Tuesday 30 July 2013

Ombatse Cult Massacre: Parents Stage Protest, Demand Justice


Ombatse Cult Massacre: Parents Stage Protest, Demand Justice
Tuesday, July 30, 2013 -- Yesterday, the parents of the ten State Security Service (SSS) operatives killed May 7, 2013 by the Ombatse cult in Alakyo, Nasarawa State, staged a protest up in front of the Federal High Court building in Lafia where Vice President Namadi Sambo was due to commission. The protesters demanded justice and claimed they would never forgive the 'killer-cult'.
It would be recalled that two months after the security service operatives were killed, the director general of the State Security Service (SSS) Ita Ekpenyong declared the SSS had 'forgiven' the culprits.
Yesterday, the parents of the slain men were seen crowding as early as 9am, carrying placards and chanting slogans, claiming there would be 'no forgiveness for the Ombatse cult.' They lined up along the road where Vice President Sambo's convoy would pass on its way to the court premises.
Sambo, who was accompanied by Governor Umaru Tanko Al-Makura and Information Minister Labaran Maku, an indigene of the state, was greeted by the protesters' shouts: "We want justice, we want justice for our children!"
However, security agents prevented the protesters from coming anywhere near the complex during the event.

Sambo left the venue at about 12:21 pm to be once again greeted by the protesters. 
The inscriptions on the signs read, 'Pls Help, Help, Mr. President, We Need our Children Dead/Alive,' 'We Are In Deep Pain, Mr. President, Pls Intervene,' and 'All We Are Saying, It's Been 12 Weeks Since Then'.

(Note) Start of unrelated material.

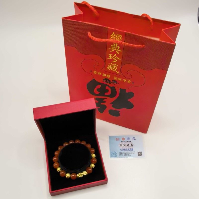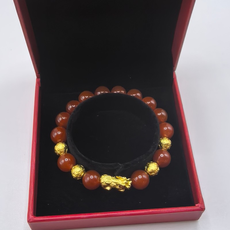 聚运鑫银镀金玛瑙招财貔貅手串保险首饰
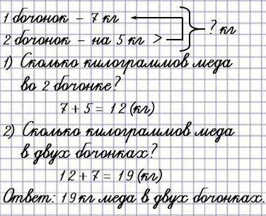 В первом бочонке 7 кг мёда, а во втором на 5 кг больше. Сколько всего килограммов мёда в этих бочонках?

The protesters, mostly elderly people, lamented the Federal Governments' apathetic stance towards their children's murder by the Ombatse. They expressed shock as the Government had not said anything or acted to demonstrate compassion for the relatives' of the slain SSS operatives.
The leader of the protesters, Dr. Nandul Durfa, 64, father to a late operative called Timman Durfa, said the gathering mobilised by making telephone contacts with each other and then met in Lafia on Sunday evening to agree on the inscriptions for their placards.

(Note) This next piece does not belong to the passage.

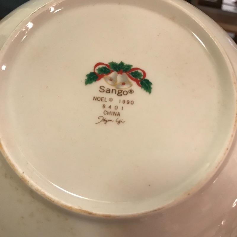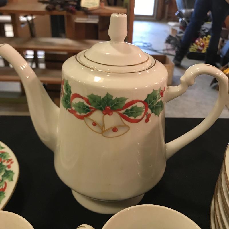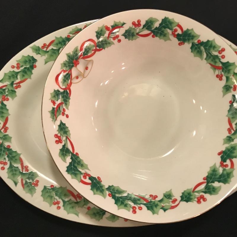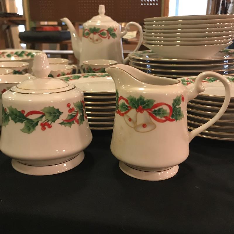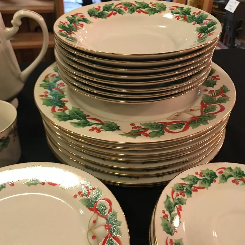 Lot includes Sango holly print china set and holly print glasses. China set includes serving tray and bowl, 11 teacups, a teapot, sugar bowl and creamer, 8 salad plates, eight saucers, eight soup bowls, and eight dinner plates. Holly glasses include four small, four medium and four large. See pics. Local pickup only.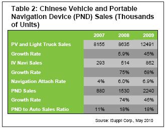 盡管2009年中國市場的乘用車(PV)和輕型卡車銷量接近1230萬輛,躍居全球最大的汽車市場,但包括OEM和售後in-dash在內的車載導航配售率隻有7%左右。

"We mobilised ourselves by phone. We have been in touch with each other since the incident. I called Madaki and Nimsel. They then placed calls to contact others like Gobir who came from Awe in Nasarawa, and Madam Mrs. Godiya Makama who came from Nasarawa-Toto, also from Nasarawa State," he narrated.

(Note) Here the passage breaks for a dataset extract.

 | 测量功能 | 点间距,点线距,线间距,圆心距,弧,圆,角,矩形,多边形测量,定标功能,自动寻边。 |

"There were others who are not parents, but representatives of parents of deceased. They too showed up. Altogether, we are about 17," the man accounted.
Durfa said they decided to organise the protest because government had not done anything to the Ombatse killers.
"We are saying it is now three months since that incident and government has not done anything to give us confidence in them.
"Our children were sent on an operation to save other Nigerians, and they were not given any protection. We can't see them alive; we can't see their corpses," he lamented.
Durfa said the SSS authorities "only sent us death certificates of our children. There were no corpses sent to us. We want the corpses of our children. They should go to that village and retrieve those corpses and hand them to us, so we can bury our children."
Saidu Isah Gobir, another elderly protester who also lost his son, said he travelled to Lafia to tell the President or his representative that he disappointed them over the murder.
"They have kept quiet as if nothing happened. We lost children in that operation; that they must know. We are angry. All we are told is that the SSS has announced forgiveness. We don't want to hear that," he decried.
Another protester, Nimsel Nanyal, 57, who held a placard with the inscription "Pls Mr. President, I's Now We Want Fresh Air," told the reporters that he received a death certificate for his son and has waited three months to hear about government's steps towards giving his son justice but has been disappointed so far.
"I am disappointed that security men were killed and government cannot give them justice," he said.
"In Britain, one soldier was killed on the street, not in the line of duty as our children, and the British Prime Minister was everywhere making statements. He even attended the burial. Here, we were sent certificates, and that is all," Nanyal added.
It would be recalled that the so-called Ombatse killings happened when the militia members waylaid a detachment of police and SSS operatives sent to Alakyo, near Lafia, to arrest the cult leader following incidents on violence blamed on the group.
Dozens of policemen and ten SSS men were killed, and most of the corpses burnt by the cultists.
Yesterday's protest comes three weeks after wives and other family members of the slain operatives created a scene at the Government House in Lafia disrupting the singing of the Nation Anthem during a visit by some governors.
Governors Martins Elechi (Ebonyi), Muazu Babangida Aliyu (Niger), Mukhtar Ramalan Yero (Kaduna) and Sule Lamido (Jigawa), as well as Senator Abdullahi Adamu, were on a sympathy visit when the incident happened.
The Nasarawa State Government has set up a Judicial Commission of Inquiry on the killings, with Justice Joseph Fola Gbadeyan as chairman. The panel suspended its sitting yesterday because of the visit by Sambo. It is due to continue taking submissions today.